01 Feb, 2019

1 commit

  • binderfs should not have a separate device_initcall(). When a kernel is
    compiled with CONFIG_ANDROID_BINDERFS register the filesystem alongside
    CONFIG_ANDROID_IPC. This use-case is especially sensible when users specify
    CONFIG_ANDROID_IPC=y, CONFIG_ANDROID_BINDERFS=y and
    ANDROID_BINDER_DEVICES="".
    When CONFIG_ANDROID_BINDERFS=n then this always succeeds so there's no
    regression potential for legacy workloads.

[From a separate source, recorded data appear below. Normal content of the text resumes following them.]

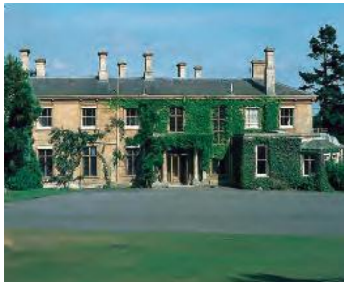
The Mary Hare School
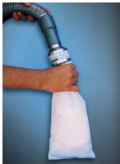
The low cost Model 130200 2" (51mm) Light Duty Line Vac conveys fibers to fill pillows, stuffed animals, diapers, etc.
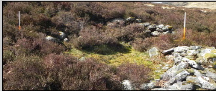
View from S

Circular area (dims. 3m NW-SE; 2.75m) defined by low drystone wall NE->S->NW (H 0.3- 0.5m) and incorporated into field wall (long axis E-W) to N.
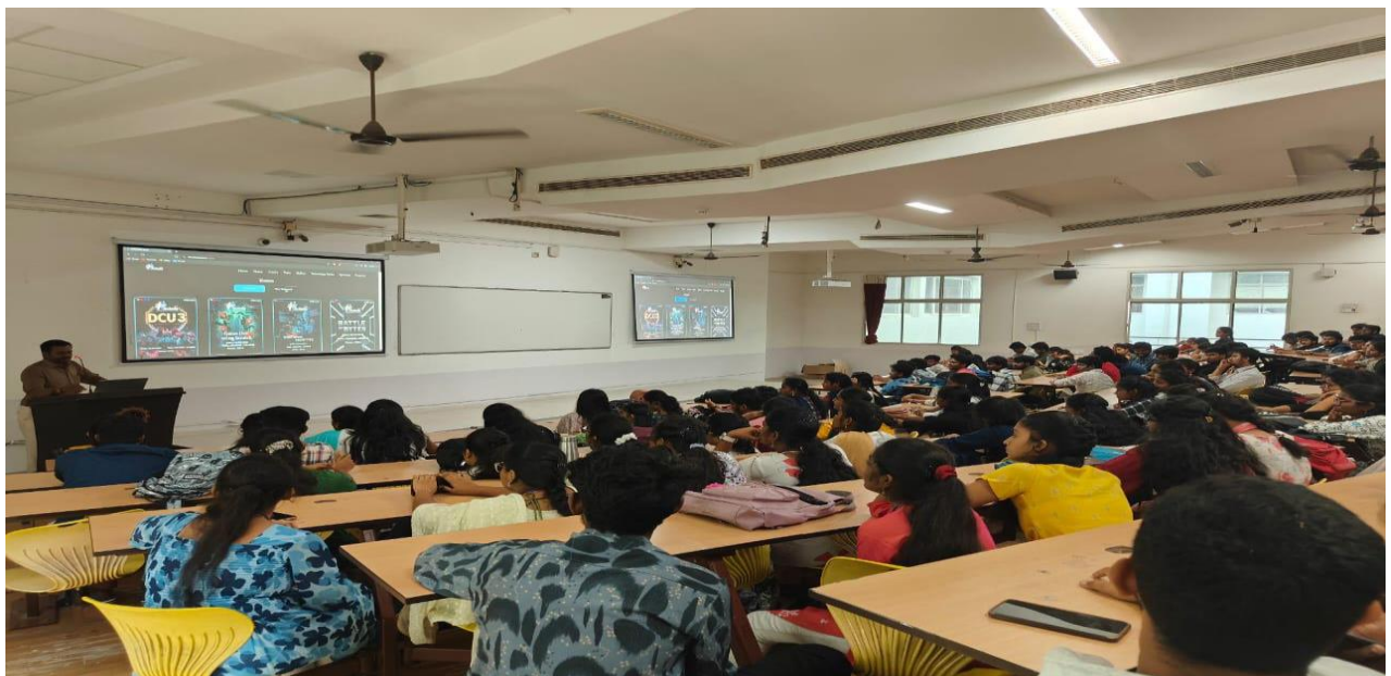
Fig: Students listening to the presentation of the expert Talk on 03.08.2021
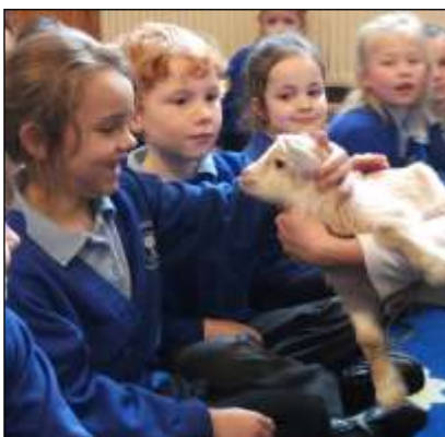
Learning about farm animals

Science is taught throughout the school. It encourages enquiry, observation and exploration. The children learn to plan and set up fair tests, record results, draw conclusions and make hypotheses. Visitors, trips and outside stimuli are used to bring science to life. The programmes of study include an understanding of living things, plants, humans, animals, the properties of materials and physical processes (electricity, forces, the earth in space etc).
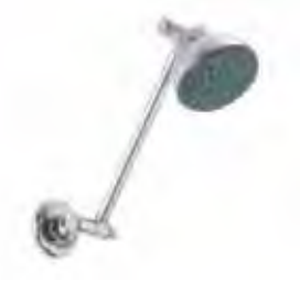
Shower straight arm
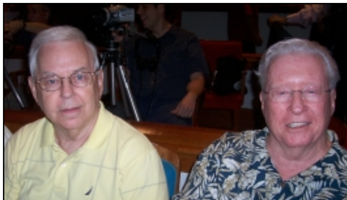
Members attend Barbara Cook concert.
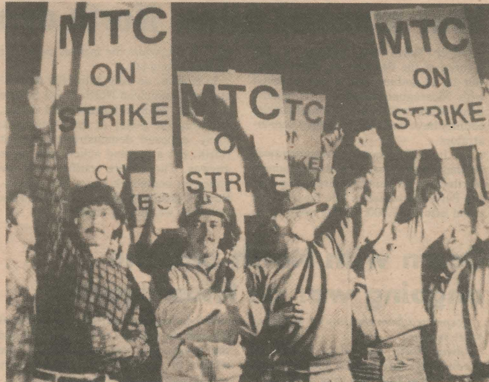
Picket line at General Dynamics' Electric Boat shipyard.

On July 25, about 800 shipyard strikers and their supporters rallied near the gate of General Dynamics' Electric Boat submarine yard in Groton, Connecticut. The workers wore T-shirts that read: "We're out the gate in '88!" And many carried picket signs declaring: "Dump the lump!"
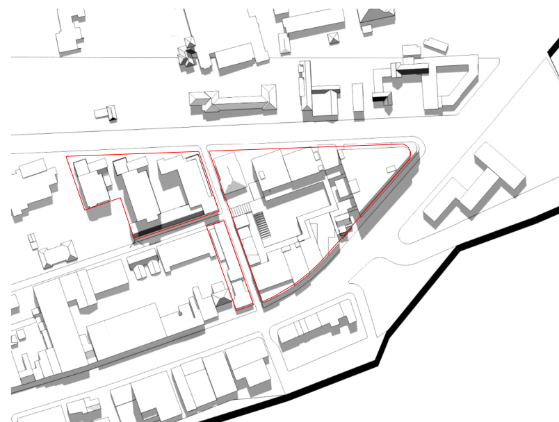
PROPOSED EQUINOX 12 NOON
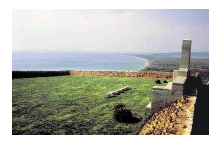
The Nek Cemetery, Gallipoli, looking north to Suvla Bay.

On Chunuk Bair today is the New Zealand National Memorial. Part of the memorial inscription remembers those who came from so far away to participate in the Gallipoli campaign but the words seem appropriate for all who fought at Anzac between April and December 1915:
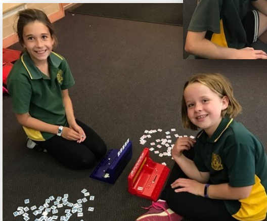
Catholic Education Week activities
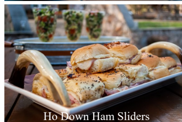
Ho Down Ham Sliders
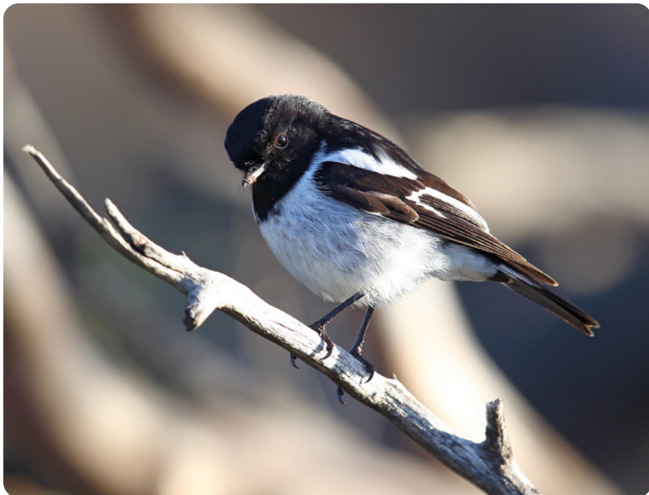
Hooded robins need small branches close to the ground from which to 'perch and pounce'.
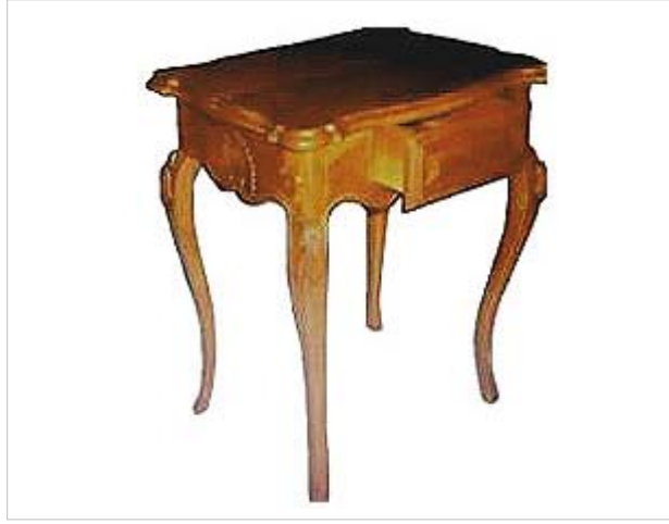
CODE: EB - 146 LENONG TABLE 1 DRAW SIZE: W 65 x D 52 x H 76 (cm)
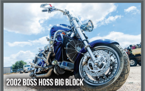
2002 BOSS HOSS BIG BLOCK
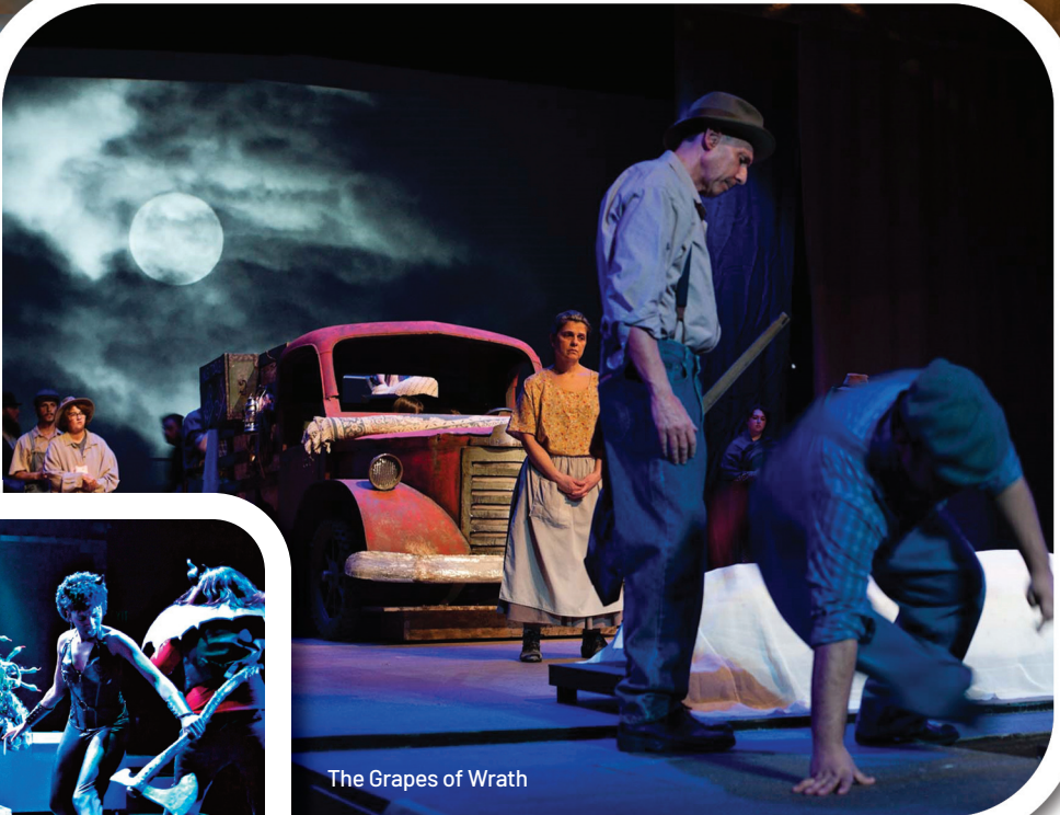
The Grapes of Wrath
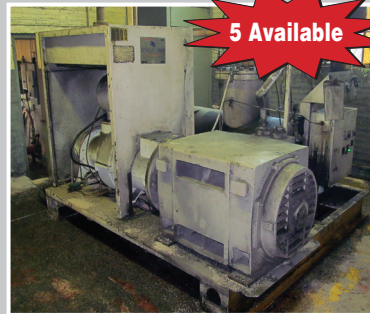
GARDNER DENVER Air Compressor
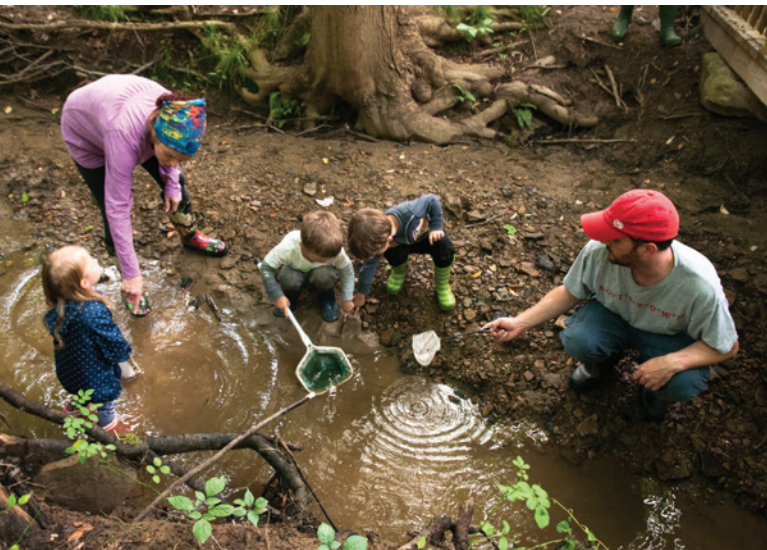
A family enjoys a creek running through Venango Trail.
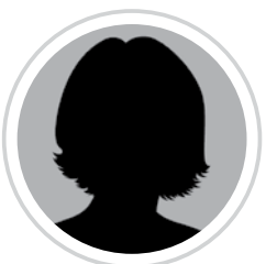
Cherry Plaisted (no photo provided)
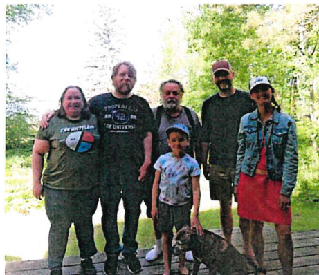
The Haukaas Family in Minnesota
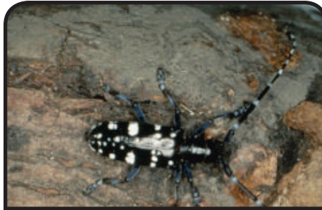
ASIAN LONGHORN BEETLE ( Anoplophora glabripennis)
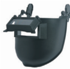
Welding Shield - Helmet Attachable
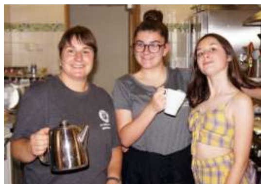
Just some of our wonderful catering folk - always ready with a cup of tea!
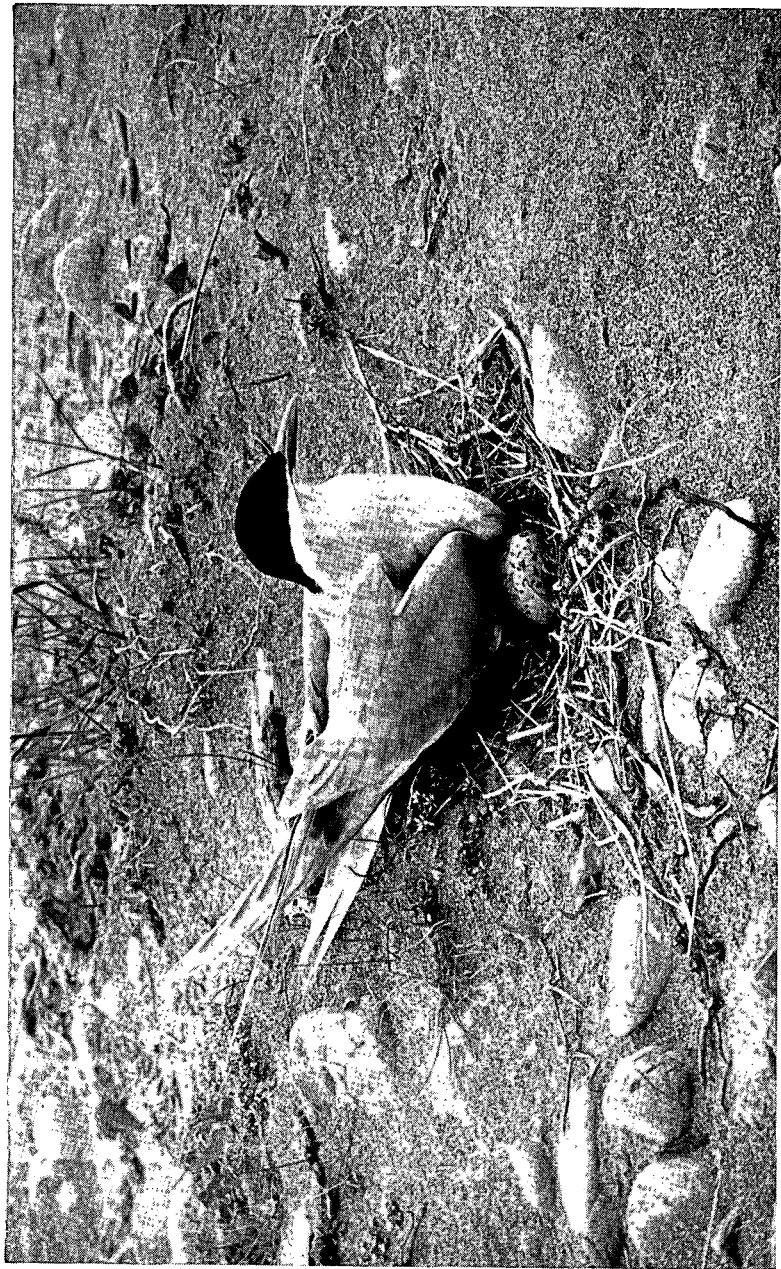
BLACK-FRONTED TERN AT ITS NEST, NORTH CANTERBURY.
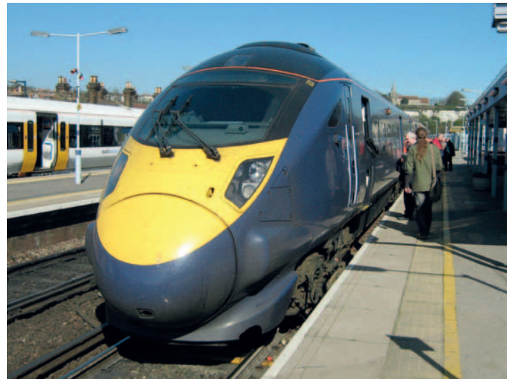
The new High Speed service

Departure times from Maidstone West are 06.56, 07.26, 07.56 and 19.13 with journeys from St Pancras at 06.25, 17.14, 17.44 and 18.14. The day return fare to St.Pancras is £37.50, but normal fares apply on journeys to Strood and Gravesend.
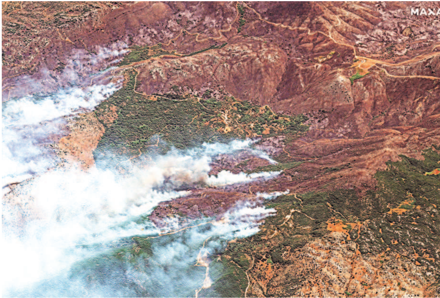
This handout satellite image taken and released by Maxar Technologies yesterday, shows smoke from a wildfire and burnt areas on the Greek Ionian island of Corfu.

The total number of casualties from the latest strikes was still unclear, the committee added.
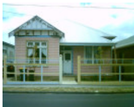
26 Gertrude Street, Geelong West
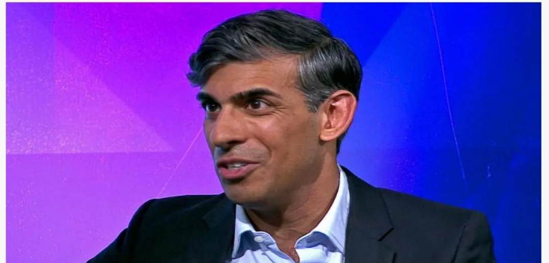
Former Prime Minister Rishi Sunak

AI is already leading to fewer jobs for young people, says Sunak
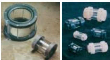
Sight Glasses / Flow Indicators

Water Sight Glass Flow Indicator - Available 1 1/2" to 8" pipe sizes.
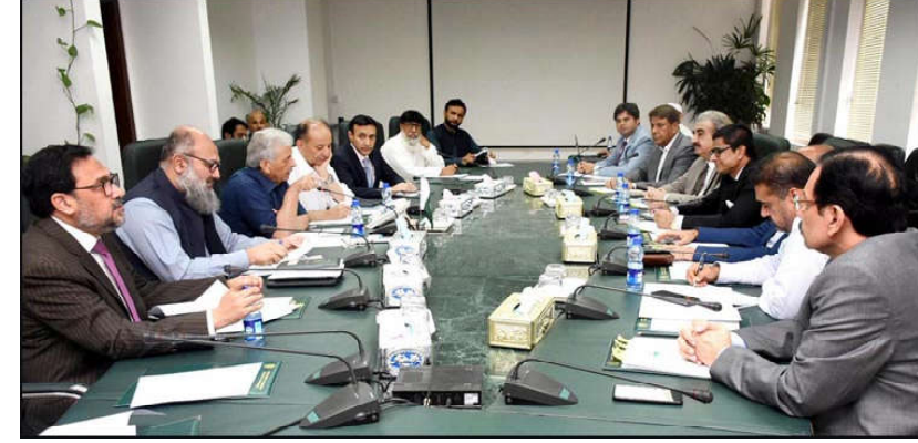
ISLAMABAD: The joint meeting of the Sugar Advisory Board and Cabinet Committee on Monitoring Sugar Export was presided over by Federal Minister for Industries and Production, Rana Tanveer Hussain.

energy project is a huge excessive fares. No one 2030, KE initiated a milestone for KE as well would ever be allowed to competitive bidding as for Pakistan. It process for multiple represents local. charge more than the fixed fare from the public.

    Signed-off-by: Christian Brauner
    Signed-off-by: Greg Kroah-Hartman

    Christian Brauner
     

30 Jan, 2019

1 commit

  • We currently adhere to the reserved devices limit when creating new
    binderfs devices in binderfs instances not located in the inital ipc
    namespace. But it is still possible to rob the host instances of their 4
    reserved devices by creating the maximum allowed number of devices in a
    single binderfs instance located in a non-initial ipc namespace and then
    mounting 4 separate binderfs instances in non-initial ipc namespaces. That
    happens because the limit is currently not respected for the creation of
    the initial binder-control device node. Block this nonsense by performing
    the same check in binderfs_binder_ctl_create() that we perform in
    binderfs_binder_device_create().

    Fixes: 36bdf3cae09d ("binderfs: reserve devices for initial mount")
    Signed-off-by: Christian Brauner
    Signed-off-by: Greg Kroah-Hartman

    Christian Brauner
     

22 Jan, 2019

7 commits

  • In a previous commit we switched from a d_alloc_name() + d_lookup()
    combination to setup a new dentry and find potential duplicates to the more
    idiomatic lookup_one_len(). As far as I understand, this also means we need
    to switch from d_add() to d_instantiate() since lookup_one_len() will
    create a new dentry when it doesn't find an existing one and add the new
    dentry to the hash queues. So we only need to call d_instantiate() to
    connect the dentry to the inode and turn it into a positive dentry.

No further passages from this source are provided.